In the opening track, “Days Pt. 1”, high-pitched drones and visceral throbs intertwine as Laird’s father, actor Trevor Laird, narrates a disquieting vision: “Awful things happen every day to people who don’t deserve it,” as “pianos fall on the heads of infinite strangers, in infinite cities, in infinite parallel universes … from the roof terraces of disused opera houses,” while “passengers gaze out of the windows of a moving train”. The result is an absurdist apocalypse; a slow-motion catastrophe governed entirely by luck. The track eventually jolts into motion as steady kick drums take over, become a stand-in for stability itself. To me, this unexpected turn reflects the relentless self-interest that drives everything forward: reminding us of the world that always sustains its motion even as it comes undone.

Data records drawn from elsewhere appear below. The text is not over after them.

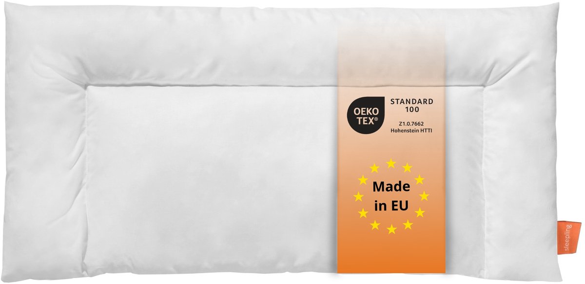sleepling buikslaperkussen - hoofdkussen 60x40 cm - kussen voor buikslapers - als neksteunkussen, plat kussen en slaapkussen voor kinderen - Made in EU - 80 x 40 cm - wit
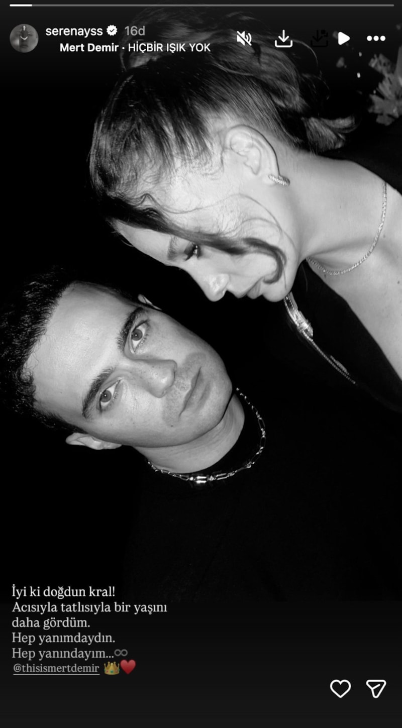 Ayrılık dedikodularının sürekli konuşulduğu çiftten yeni kare geldi. Serenay Sarıkaya, sevgilisi Mert Demir'in doğum gününü kutladı. Sevgilisiyle karesini yayınlayan Sarıkaya şunları yazdı: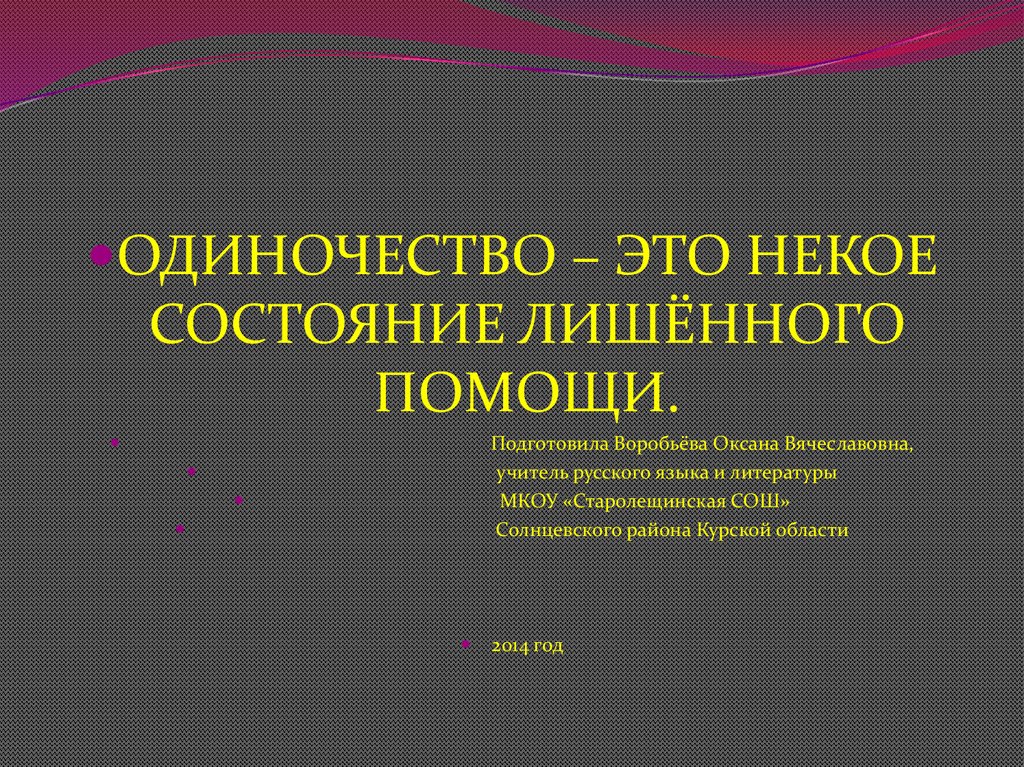 ОДИНОЧЕСТВО – ЭТО НЕКОЕСОСТОЯНИЕ ЛИШЁННОГО
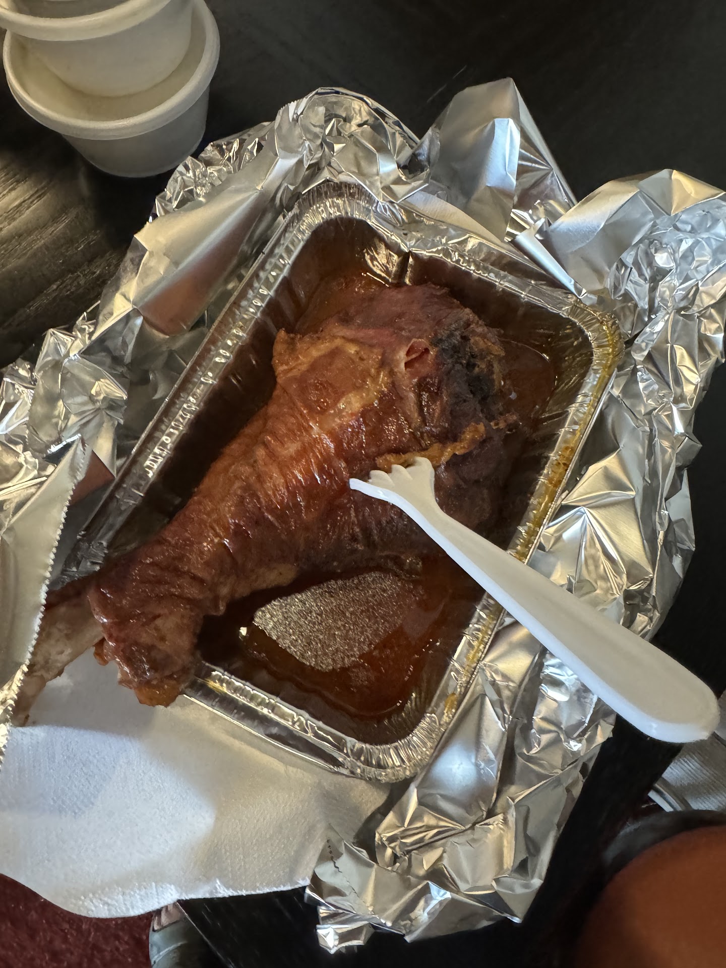 The brisket was setting when I came, so I questioned the Turkey Leg’s tenderness. “If I order a turkey leg, will I be able to walk around with the bone in my hand, or will I need a fork?” He proudly responded, “You can’t hold this up, you’re gonna need a fork!”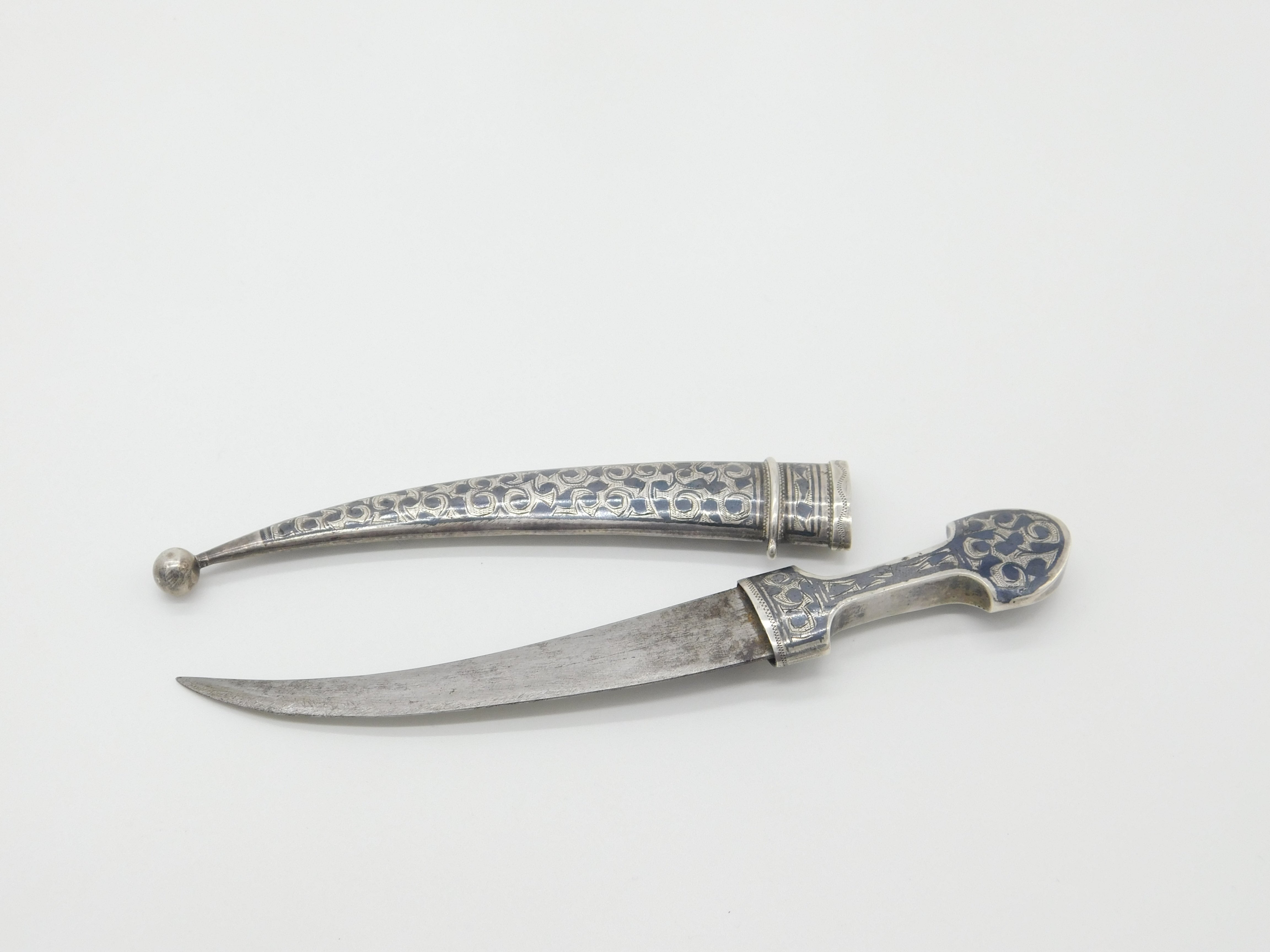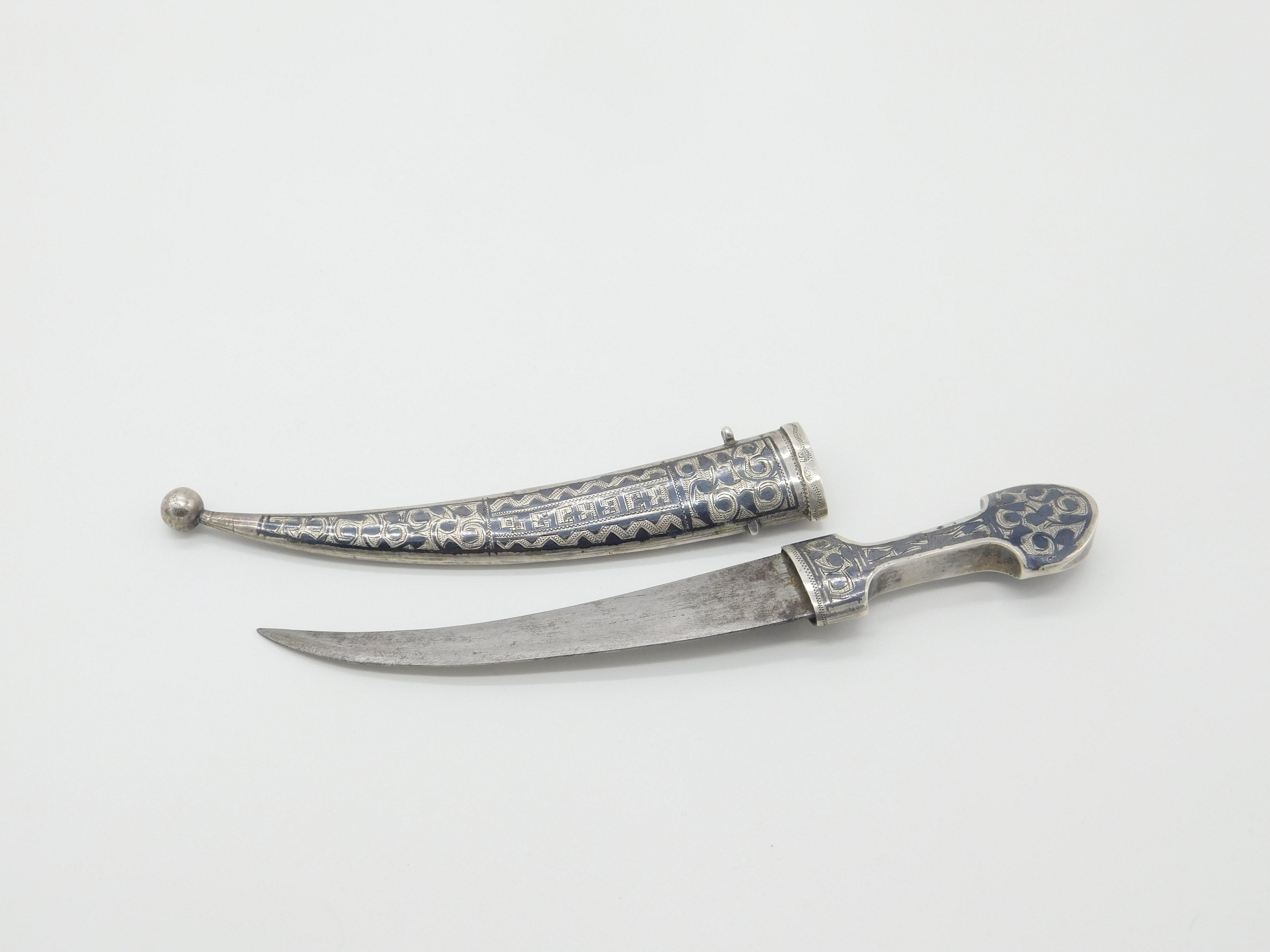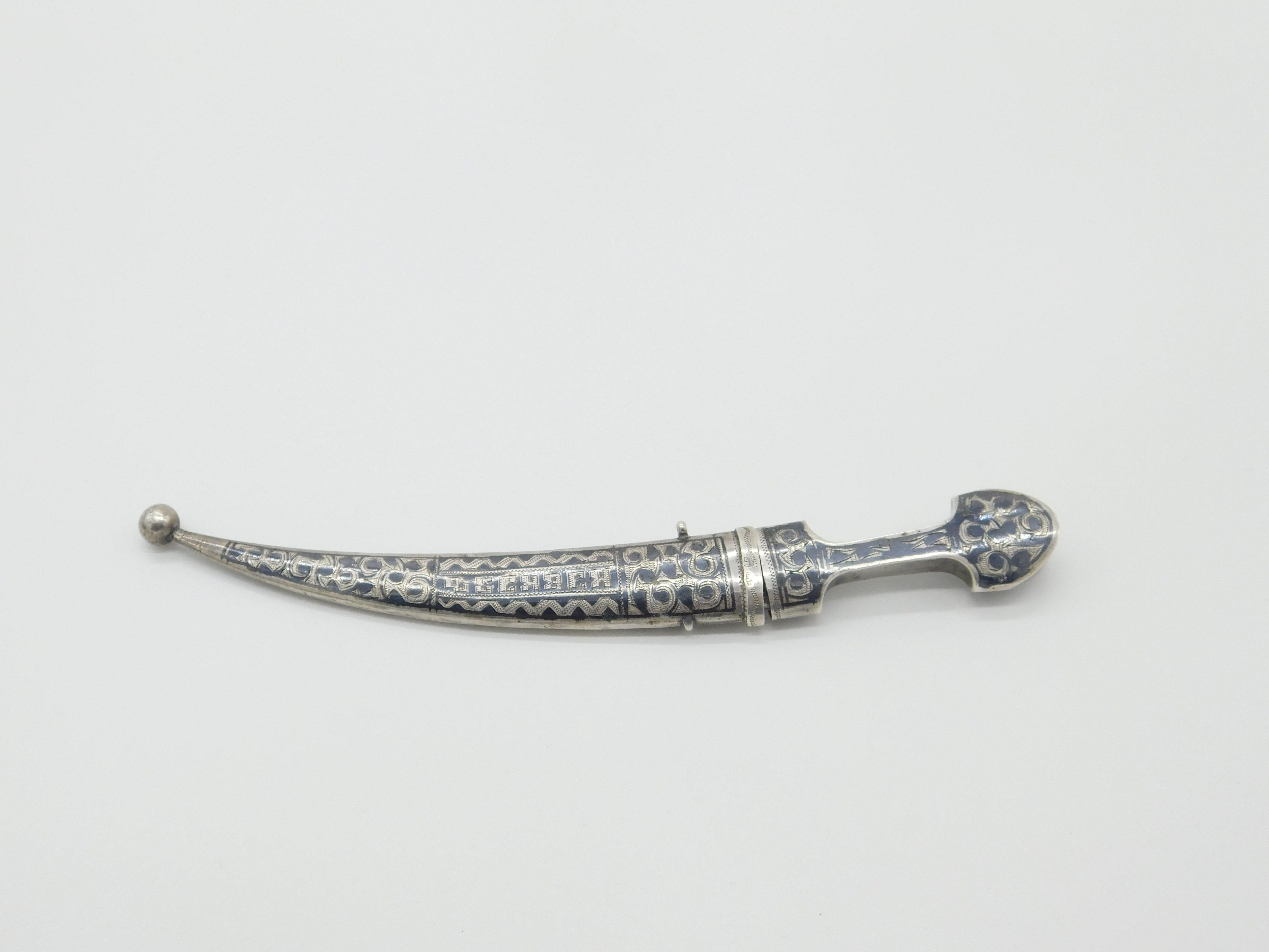 Russian .875 Silver & Niello Enamel Dagger Antique c1890 Victorian Kokoshnik Marks

Laird then moves us beyond the disordered urban in “The Mountain”, where human concerns suddenly feel negligible, as she creates a stillness that reminds us of forces larger than ourselves. Here, a new, muffled steady pulse recalls geological phenomena - the laminar flow of molten magma. The mountain, personified as a feminine figure, registers as “heavy, hot, and hungry”, capable of both giving life and taking it away. The track alludes to the dualism humanity have historically drawn between “nature” and “human” and feeo dismantles this. “The Mountain” carries the calm weight of nature – an indifferent power that exceeds us while we remain inseparable from our own impermanence and decay.

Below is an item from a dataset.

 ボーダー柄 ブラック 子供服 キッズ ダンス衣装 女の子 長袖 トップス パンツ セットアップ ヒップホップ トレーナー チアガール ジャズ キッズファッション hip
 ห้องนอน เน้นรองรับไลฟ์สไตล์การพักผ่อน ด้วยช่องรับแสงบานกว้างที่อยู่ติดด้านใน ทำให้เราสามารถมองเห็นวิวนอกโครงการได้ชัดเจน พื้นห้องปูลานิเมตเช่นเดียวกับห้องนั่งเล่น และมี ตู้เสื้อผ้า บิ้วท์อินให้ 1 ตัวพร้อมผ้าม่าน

The 05:59 track “Requium” guides the listener inward, into a space where the mind eases and the body remember itself. Synths curl around feeo’s voice, trailing her statement, “From my ribs she’ll grow black roses”, extending feminisation from mountains towards the non-human night, who forgives us, even when we feel unforgivable. When she pleads, “Bury me, bury me in the garden,” minimalist percussion and the repetitive looping structures, create a space of surrender.

“The Last Great Storm”, is a brief interlude filled with the static and distant hum of a disconnected telephone line. “Minutes before nuclear war, all the animals in the city came out from parks and behind walls and sat in the road bowing to surrender,” the bleakest possible emotional horizon. Yet it is this vision that introduces album’s centrepiece, “Win!.” Here, Laird’s voice splits and widens, scattering across the fractured electronics as she intones, “We can figure this out, it’s not over yet.” - a refusal to accept the inevitability sketched in the interlude. Her production presses in behind her, compressing and muffling layers of sound until her final words - “and your blood was my blood.” This moment spoke to me as a meditation on self-dissolution as Laird figures survival of the storm not as individual endurance, yet collective feeling.

“Sandpit” pares things down to piano and Laird’s voice, now softer and fragile, floats over a looping electric guitar figure and harmonic haze. When she sings, “another day turns, I think we should leave the city,” she carries the weight of lived experience with her - the ambivalence of belonging in a place that has shaped you completely and the pull to move on from its relentless pressures.

“Days Pt. 2”, again narrated by Trevor Laird continues the album’s exploration of cosmic absurdity and human fragility, yet with a twisted mocking edge “good things happen every day to people who don’t deserve it… infinite landlords receive infinite kisses from infinite wives in infinite universes”.

Credit: Ciara Reddy

After stillness in “The Hammer Strikes the Bell” and cyclical returns to key themes of mythic themes and the liminal boundaries between worlds in “Night Forgives Those Black as Her,” my favourite song was saved for last: “There Is No I.” The song opens a space of release and lines such as “You keep the darkness from my door, and I watch the light keep burning bright behind yours”, remind us how love and the light we cling to, can sustain and protect us, even when the burning world looms larger.

The most recent AD93 release by Alpha Maid continues this lineage of experimentation, highlighting how women and nonbinary artists, and the scenes appearing in London’s underground, are not only reshaping music yet the politics of identity, embodiment, and subjectivity.